Drove to town. Parked. Dismounted. Assumed ready position; I had exactly one hour to dash to the butcher and Waitrose before school pickup.
Locked Car. Walked away. Damn. The bags. Unlocked car. Where are they? They're here somewhere. Ewwww! What's that? A mouldy grape? I really didn't need to touch that. OK, forget the bags. I'll bring the groceries back to the car in the trolley and load them straight in.
Yes, the same as last week. Six stuffed chicken breasts. And smoked salmon. Please. Yes, they loved it. And some of that soft cheese, what's it called?
No, not in a bag, thank you. It's Recycle Week next week. I've promised not to use them. Yes, I can manage. I have two hands and will balance everything on top of the biscuits. Thanks!

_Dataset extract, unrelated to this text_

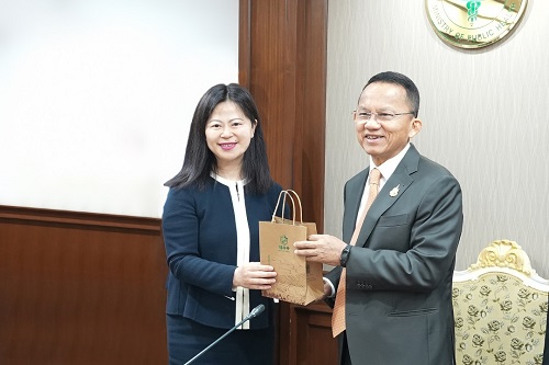 馮(feng)佶女士向(xiang)泰(tai)國公共(gong)衛生部部長(chang)頌薩·貼素(su)汀先生贈送禮品(pin)
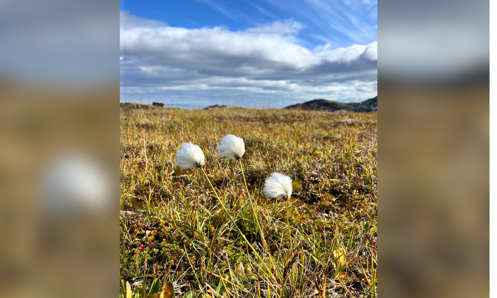 Come fall in Nunavut, the landscape transforms with the abundance of cottongrass, known to the Inuit as Arctic cotton (kanguuyat). Its distinctive small, silky-white flower heads are scattered across the damp parts of the city and throughout the tundra, as seen here in Qaummaarviit Territorial Park, near Iqaluit. This flower was easily my favourite out in nature. I especially loved watching people gather them to create beautiful bouquets that brightened up our homes. While undoubtedly gorgeous, Arctic cotton is also incredibly versatile and remains an important resource for the Inuit communities. — Marie-Krystel Gauthier, molecular biologist

OK, cream, strawberries, raspberries, blueberries. Green beans. Where's the cucumber? Pims is not Pims without cucumber. And orange. Cheese twists. French loaf. After Eights.
I'm out of here. No, no bags please. It's Recycle Week. Thanks. Yes, I paid, here's my receipt. It's Recycle Week. I've promised not to use any bags. I know, I keep forgetting them. Silly me.
Must hurry. It's almost three. Oh, what's that? There they are. Under the seat next to a half-eaten digestive. Lovely. How in the heck? Oh well, next time.
These damn bags are going to be the death of me.